# [INSTRUCTIONS TO FOLLOW]
Begin at the line below that has "narodowych mojej ojczyzny.". Stop after the line that has "The reaction content", repeating each line exactly and leaving out the pictures.

# [DATA FOR THIS TASK]
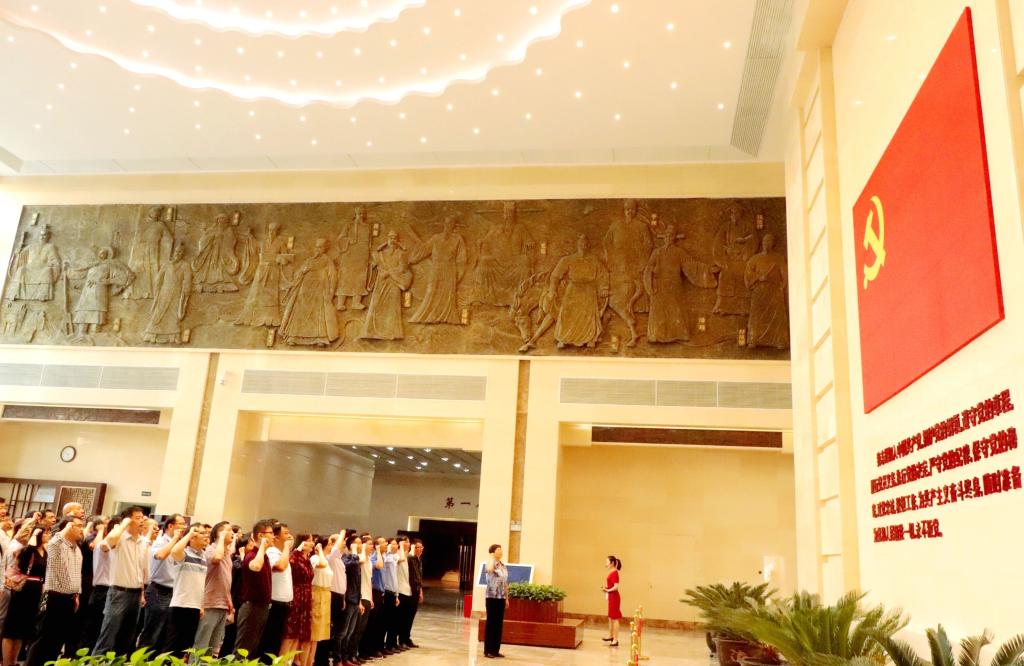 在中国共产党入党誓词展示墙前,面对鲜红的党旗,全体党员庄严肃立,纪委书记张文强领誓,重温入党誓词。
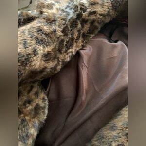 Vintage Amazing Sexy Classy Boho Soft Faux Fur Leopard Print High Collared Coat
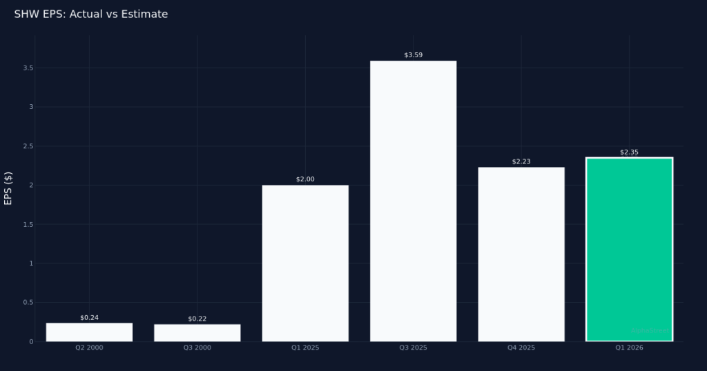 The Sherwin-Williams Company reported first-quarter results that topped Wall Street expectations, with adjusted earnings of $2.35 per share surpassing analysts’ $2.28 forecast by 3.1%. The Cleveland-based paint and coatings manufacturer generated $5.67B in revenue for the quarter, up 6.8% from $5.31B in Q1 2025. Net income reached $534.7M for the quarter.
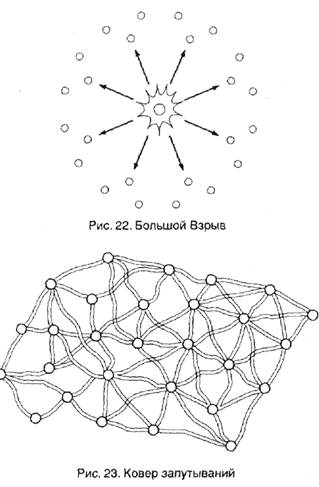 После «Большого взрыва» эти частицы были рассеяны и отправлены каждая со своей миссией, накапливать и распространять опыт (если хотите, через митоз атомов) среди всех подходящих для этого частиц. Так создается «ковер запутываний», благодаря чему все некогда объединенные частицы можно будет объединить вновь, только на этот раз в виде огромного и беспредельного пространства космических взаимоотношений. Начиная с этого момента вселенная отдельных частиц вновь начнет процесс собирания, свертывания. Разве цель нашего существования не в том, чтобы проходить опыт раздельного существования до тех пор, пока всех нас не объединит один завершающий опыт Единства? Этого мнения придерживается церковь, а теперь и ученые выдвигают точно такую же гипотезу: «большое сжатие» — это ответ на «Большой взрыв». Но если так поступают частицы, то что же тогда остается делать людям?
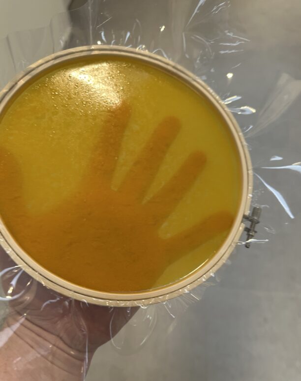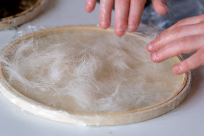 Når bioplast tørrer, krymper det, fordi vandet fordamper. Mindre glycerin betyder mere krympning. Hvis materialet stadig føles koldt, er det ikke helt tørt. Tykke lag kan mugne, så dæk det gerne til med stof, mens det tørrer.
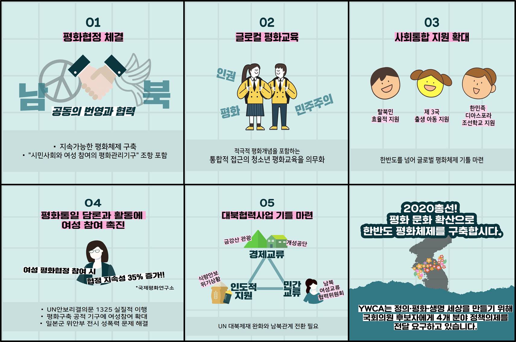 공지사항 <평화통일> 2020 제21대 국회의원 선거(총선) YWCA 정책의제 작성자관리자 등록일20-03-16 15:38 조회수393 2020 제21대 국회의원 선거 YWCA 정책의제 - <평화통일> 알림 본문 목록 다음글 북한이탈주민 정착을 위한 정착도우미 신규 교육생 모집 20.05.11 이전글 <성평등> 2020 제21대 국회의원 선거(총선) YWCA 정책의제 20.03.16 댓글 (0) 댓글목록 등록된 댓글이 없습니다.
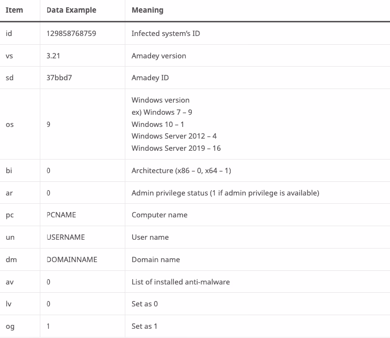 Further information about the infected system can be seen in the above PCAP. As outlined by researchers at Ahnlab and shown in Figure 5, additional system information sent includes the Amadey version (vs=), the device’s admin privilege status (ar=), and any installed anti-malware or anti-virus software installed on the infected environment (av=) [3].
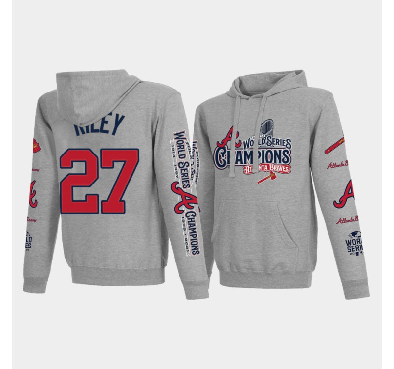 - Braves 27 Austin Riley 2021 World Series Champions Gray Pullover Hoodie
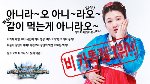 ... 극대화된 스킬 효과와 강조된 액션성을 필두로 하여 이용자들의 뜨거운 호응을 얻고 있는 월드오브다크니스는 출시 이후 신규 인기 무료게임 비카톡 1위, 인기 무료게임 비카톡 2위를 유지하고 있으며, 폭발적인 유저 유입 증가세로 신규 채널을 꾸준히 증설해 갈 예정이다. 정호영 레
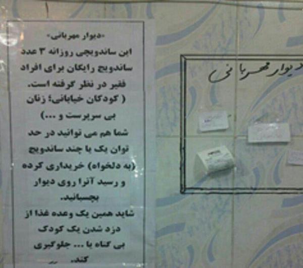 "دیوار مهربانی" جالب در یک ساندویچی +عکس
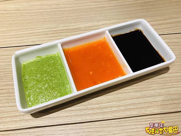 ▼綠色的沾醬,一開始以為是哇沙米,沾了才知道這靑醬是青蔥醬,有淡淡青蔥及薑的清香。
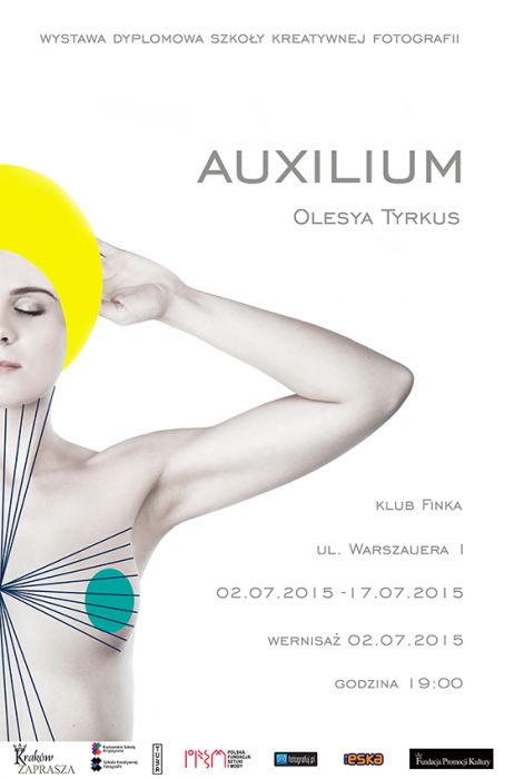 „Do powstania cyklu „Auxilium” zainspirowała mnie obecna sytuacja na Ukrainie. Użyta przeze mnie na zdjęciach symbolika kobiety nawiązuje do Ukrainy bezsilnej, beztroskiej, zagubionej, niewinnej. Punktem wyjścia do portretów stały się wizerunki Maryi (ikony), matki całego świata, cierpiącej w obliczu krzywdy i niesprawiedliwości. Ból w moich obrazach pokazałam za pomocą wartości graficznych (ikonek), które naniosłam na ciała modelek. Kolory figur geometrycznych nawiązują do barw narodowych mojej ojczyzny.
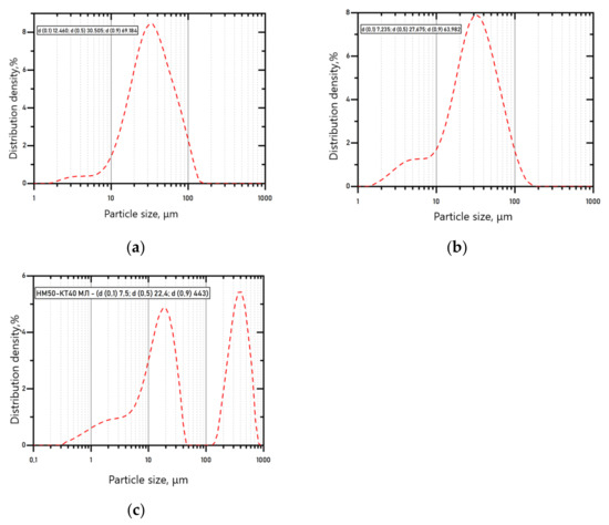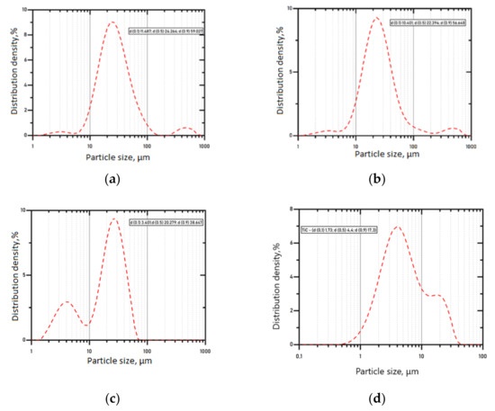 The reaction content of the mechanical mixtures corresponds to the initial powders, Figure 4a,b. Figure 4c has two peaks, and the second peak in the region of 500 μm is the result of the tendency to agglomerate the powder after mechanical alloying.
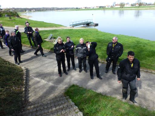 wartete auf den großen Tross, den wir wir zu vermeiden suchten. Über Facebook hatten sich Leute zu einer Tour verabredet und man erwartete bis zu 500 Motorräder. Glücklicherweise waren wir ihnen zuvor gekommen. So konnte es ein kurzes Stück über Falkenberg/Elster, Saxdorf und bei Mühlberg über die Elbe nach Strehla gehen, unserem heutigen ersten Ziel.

# [WRITTEN REPLY]
 „Do powstania cyklu „Auxilium” zainspirowała mnie obecna sytuacja na Ukrainie. Użyta przeze mnie na zdjęciach symbolika kobiety nawiązuje do Ukrainy bezsilnej, beztroskiej, zagubionej, niewinnej. Punktem wyjścia do portretów stały się wizerunki Maryi (ikony), matki całego świata, cierpiącej w obliczu krzywdy i niesprawiedliwości. Ból w moich obrazach pokazałam za pomocą wartości graficznych (ikonek), które naniosłam na ciała modelek. Kolory figur geometrycznych nawiązują do barw narodowych mojej ojczyzny.
 The reaction content of the mechanical mixtures corresponds to the initial powders, Figure 4a,b. Figure 4c has two peaks, and the second peak in the region of 500 μm is the result of the tendency to agglomerate the powder after mechanical alloying.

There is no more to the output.